Quoting man 3 pthread_mutex_unlock
:
None of the mutex functions is a cancellation point, not even pthread_mutex_lock, in spite of the fact that it can suspend a thread for arbitrary durations. This way, the status of mutexes at cancellation points is predictable, allowing cancellation handlers to unlock precisely those mutexes that need to be unlocked before the thread stops executing.
But one paragraph later it is written that:
The mutex functions are not async-signal safe. What this means is that they should not be called from a signal handler. In particular, calling pthread_mutex_lock or pthread_mutex_unlock from a signal handler may deadlock the calling thread.
OK, so the manual orders me to unlock mutexes in a cleanup handler, but prohibits me from unlockin mutexes in a signal handler. Well, quoting man 3 pthread_cancel
:
On Linux, cancellation is implemented using signals.

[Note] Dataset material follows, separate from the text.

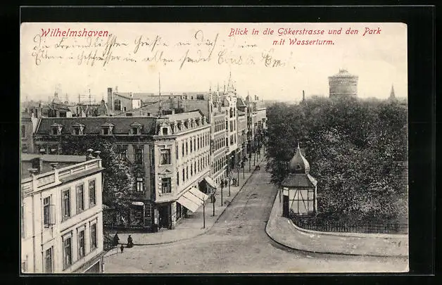 AK Wilhelmshaven, Blick in die Gökerstrasse und den Park mit Wasserturm

Ah. So a thread is cancelled by receiving a signal.
Doesn’t this make a cancellation cleanup handler actually a signal handler? Or maybe rather, I dunno, the cleanup handler is being called from a signal handler whose default action is to call functions installed by pthread_cleanup_push
? One cannot deny that these cleanup handlers are called when a signal is being received.
But this would make the manual contradict it’s own statements…
How to understand things properly?
Upvotes: 2
Views: 742
Reputation: 239071
The fact that cancellation is handled using signals on Linux is an implementation detail. It doesn't mean you're only allowed to use async-signal-safe functions in them.
At least for deferred cancellation at a cancellation point, POSIX doesn't limit the functions that can be called, so the implementation has to make that work.